## TASK ITEM
Write the listing out again word for word, leaving each picture behind.

## DATASET EXTRACT

■ ■ ■

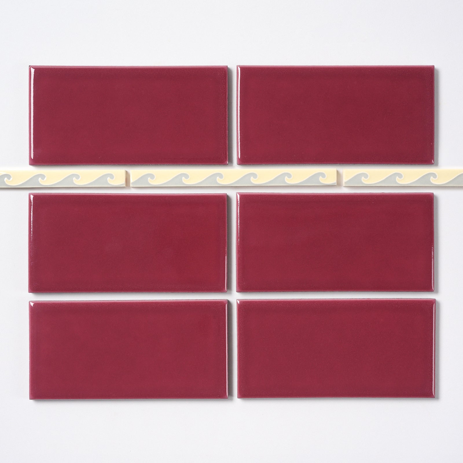 All of the trim pieces are shown with 1950s burgundy Romany wall tile, this can be found in Wall Tiles.
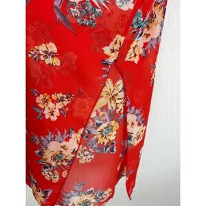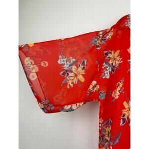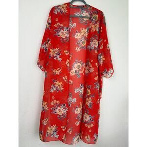 Floral Flowy Beach Coverup Red Sz Small Sheer Boho Floral Kimono Duster Summer
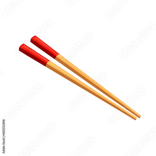 Illustration of a pair of wooden chopsticks with red painted tips, food utensil, Asian cuisine.

■ ■ ■

## RESPONSE BOX
 All of the trim pieces are shown with 1950s burgundy Romany wall tile, this can be found in Wall Tiles.
 Floral Flowy Beach Coverup Red Sz Small Sheer Boho Floral Kimono Duster Summer
 Illustration of a pair of wooden chopsticks with red painted tips, food utensil, Asian cuisine.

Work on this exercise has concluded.